ZhengyaoJiang / PGPortfolio

PGPortfolio: Policy Gradient Portfolio, the source code of "A Deep Reinforcement Learning Framework for the Financial Portfolio Management Problem"(https://arxiv.org/pdf/1706.10059.pdf).
GNU General Public License v3.0
1.73k stars 748 forks source link

Question in getting the previous weights #113

Open BruceDai003 opened 5 years ago

BruceDai003 commented 5 years ago

Thanks for your great work, it's very interesting. As I walk through your code, I found that in the file datamatrices.py, there is a __pack_samples() method under the DataMatrices, which is confusing to me.

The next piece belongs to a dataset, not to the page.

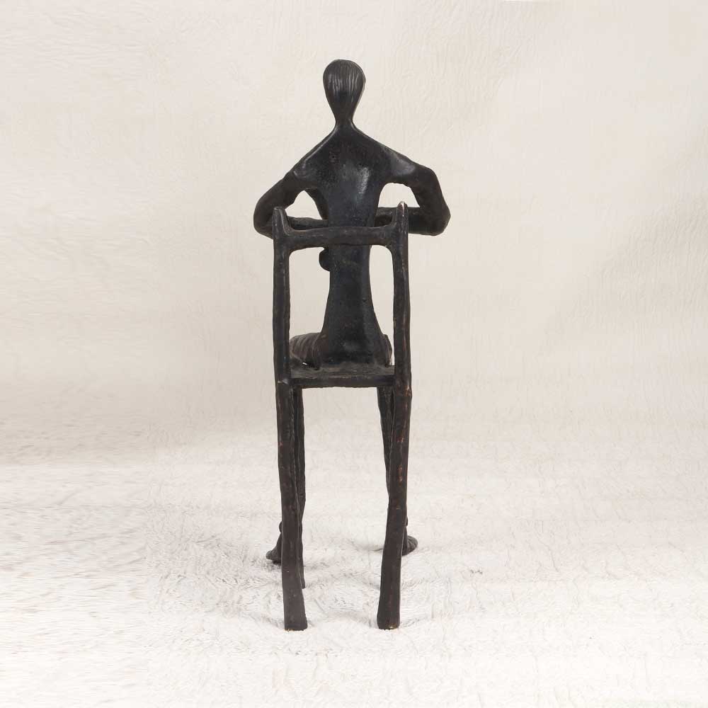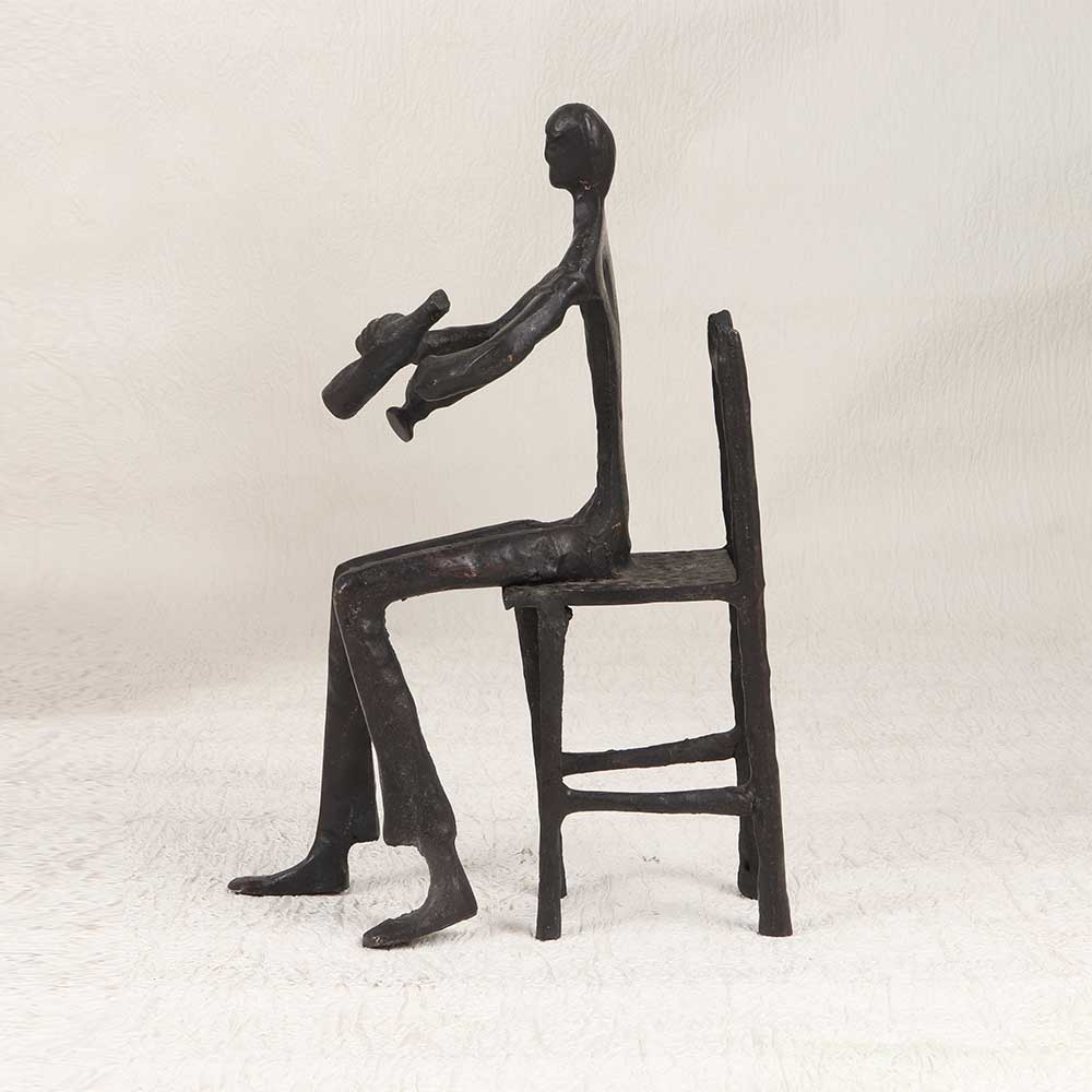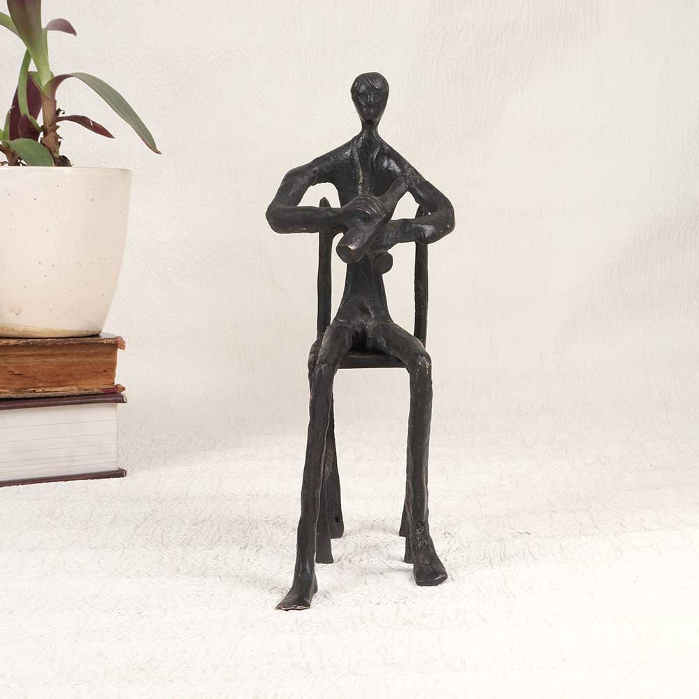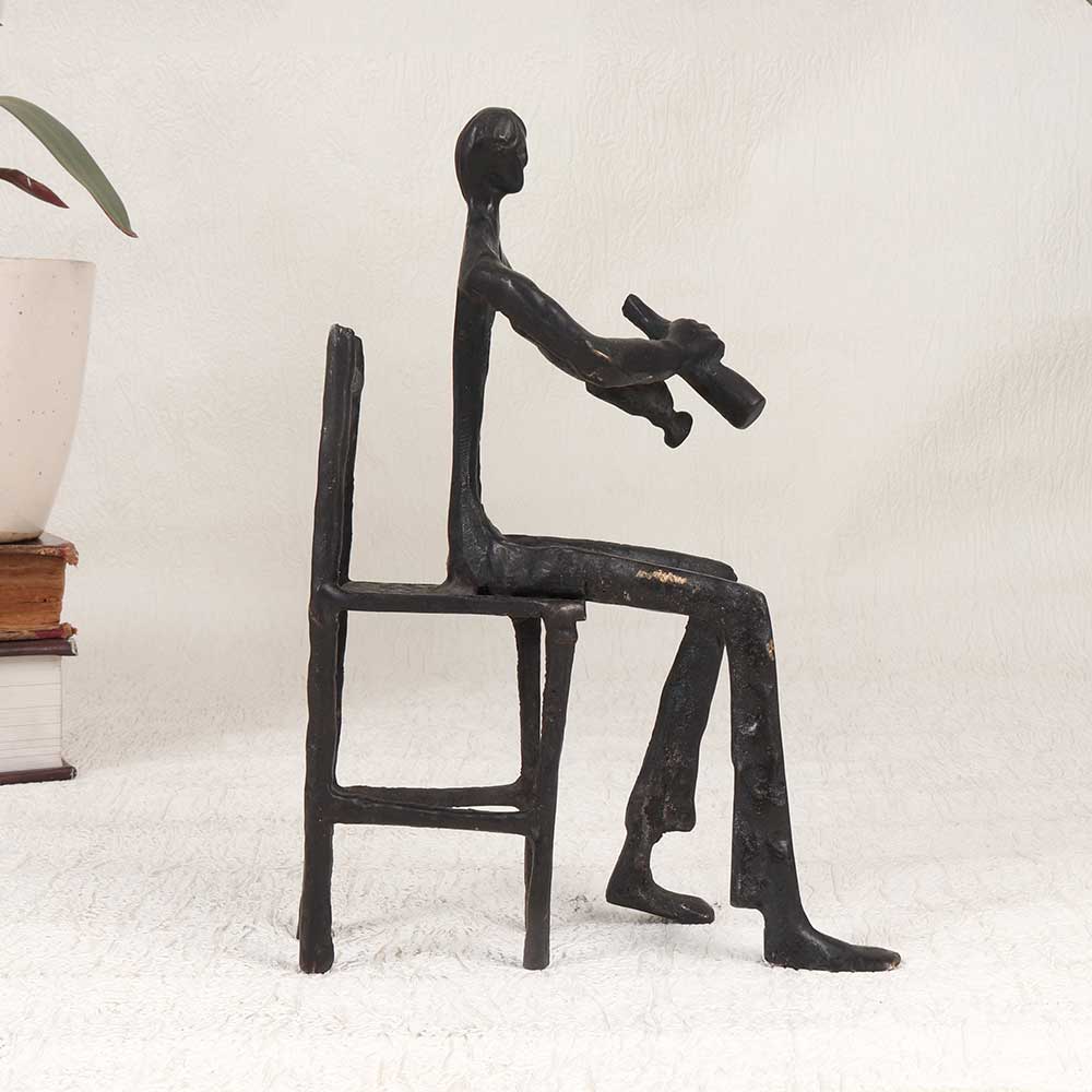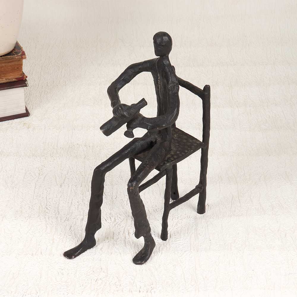 This vintage brass statue brings a musician's talent to life with finely crafted detail and aged elegance. Depicting a robed musician sitting relaxed on a wooden chair while skillfully playing music with glass bottles, this statue's exquisite artistry is a feast for the eyes. With its intricate folds of cloth, focused expression, and flowing musicality, this statue seems to move and breathe. The timeworn patina of the solid brass gives it a warmth and character that feels like an antique treasure. Place this conversation-starting statue anywhere you want an impressive statement piece with vintage appeal and artistic charm. Or gift it to a music lover who will appreciate how it captures the joy and focus of making music. However, you display it, this vintage brass musician statue will fill your home with visual melody.

First, let me paste it all here for reference:

    def __pack_samples(self, indexs):
        indexs = np.array(indexs)
        last_w = self.__PVM.values[indexs-1, :]

        def setw(w):
            self.__PVM.iloc[indexs, :] = w
        M = [self.get_submatrix(index) for index in indexs]
        M = np.array(M)
        X = M[:, :, :, :-1]
        y = M[:, :, :, -1] / M[:, 0, None, :, -2]
        return {"X": X, "y": y, "last_w": last_w, "setw": setw}

    # volume in y is the volume in next access period
    def get_submatrix(self, ind):
        return self.__global_data.values[:, :, ind:ind+self._window_size+1]

In the initialization of the test_set, we passed in the test_indices, which are np.array([32281, ..., 35056]) by default, . If I understand correctly, shape of X would be 2776, 3, 11, 31, y would be 2776, 3, 11. y is the next day's 'close', 'high', 'low' price array, normalized relative to the last day's close price in X for each sample. Now the confusing part is in the weights. Let me use t represent for the time index here. For t = 32281, we get the X from t = 32281 up to 32311, that's 31 days, and for y, t = 32312. So, for this sample, you are using forward looking samples. What I mean is that you are actually sitting at the time of t = 32311, and look backwards for 31 days including t = 32311. And try to predict the weights for t = 32312. This is your intention. Now you should use weights of t = 32311 as the other input. And the weights for the action is at t = 32312. However, instead you used weights at t = 32280 as an input. That's the weight 32 days ago.

Thus, my suggested correction would look like this:

    def __pack_samples(self, indexs):
        indexs = np.array(indexs)
        last_w = self.__PVM.values[indexs+self._window_size-1, :]

        def setw(w):
            self.__PVM.iloc[indexs+self._window_size, :] = w
        M = [self.get_submatrix(index) for index in indexs]
        M = np.array(M)
        X = M[:, :, :, :-1]
        y = M[:, :, :, -1] / M[:, 0, None, :, -2]
        return {"X": X, "y": y, "last_w": last_w, "setw": setw}

    # volume in y is the volume in next access period
    def get_submatrix(self, ind):
        return self.__global_data.values[:, :, ind:ind+self._window_size+1]

I might be wrong here. Please help me understand this.